If you are putting a foley in an 80 year old maid, try not to miss.
Never laugh or snicker when you are putting a catheter in a man And never ever say out loud "would you look at the size of this thing"
Treat your pct's with respect and help em out, they could save your butt.
Never put an ng tube in, allow it to come out the mouth, and then allow pt to grab both ends and pull.
Here is something that was never even HINTED upon in nursing school I wish they would have covered:
Hierarchy/chain of command at the hospital. All the workplace dynamics you will have to deal with and how to deal with them. Oh, that would have been helpful information.

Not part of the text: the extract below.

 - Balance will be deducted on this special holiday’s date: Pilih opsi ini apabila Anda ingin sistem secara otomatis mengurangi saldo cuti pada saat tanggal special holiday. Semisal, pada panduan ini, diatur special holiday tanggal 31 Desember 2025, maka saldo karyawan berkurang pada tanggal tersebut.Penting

I'm no kids, I'm in my 30's, I've had many, many jobs but I was no prepared for the stuff I had to deal with in the hospital setting that had little or nothing to do with nursing skills or performing your job description.

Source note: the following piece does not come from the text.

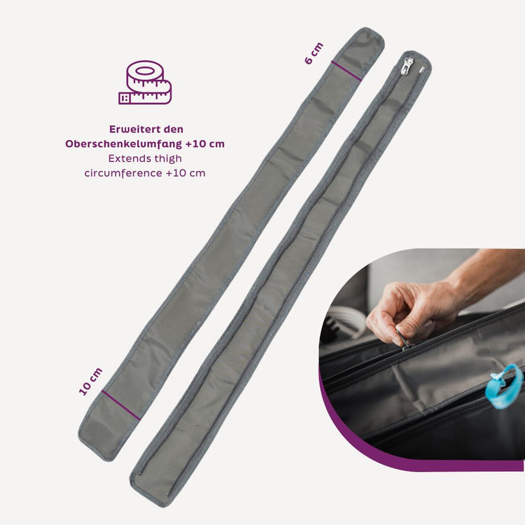 Besonders bei einem Lymphödem oder Lipödem sind unsere Körper individuell – oft sind die Umfänge an Waden, Oberschenkeln und Hüfte sehr unterschiedlich. Unsere Erweiterungslaschen schenken dir 10 cm pro Seite genau dort, wo du sie brauchst.

Wouldn't it have been great if they told us this stuff in nursing school?NOTE: A LOT OF MINE WERE MEANT FOR LTC NURSES
The human body is capable of holding 200 cups of H2O/coffee in your bladder....literally.
We were always instructed "Your body needs sleep to heal, rest, ect...",yeah that's funny.
Practicing sterile procedures for EVERYTHING is a waste of time(except catheters).
Of the 40 pts I have, I know what all the side effects of their meds are(yeah, all 50 meds per pt!!!). Oh yeah, and I know the GENERIC-TRADE names too.
Remember calcuating drip rates for G-tubes??? I don't.
They won't tell you what a med-cocktail is in school.
Anyone else wanna share???? :chuckle
you don't always know how clean their kitchen is . . . and once a whole shift of nurses got some sort of intestinal problem from goodies a family brought in. the whole shift of ccu nurses -- nausea, vomiting and diarrhea. not pretty!
i had a guy bring in a whole cooked turkey, mashed potatoes, & veggies & pumpkin pie, because he said we were so nice to him last week, when he had his surgery. this was during my days as a med/surg rn. we ate it all & didn't have any bad effects. it was still warm & what the heck, nurses can eat anything.
How back-biting and nasty nurses can be with one another. How sad and shocking!!! These are people who have the lives of patients in their hands and have to do teamwork at times whether or not they like it. Why not do it in a friendly atmosphere? And an aide who has been there for ever think s/he has authority over a newly hired BSN and can tell him/her how to do his/her job.
DNRme
92 Posts
:rotfl: you have no idea how funny you are.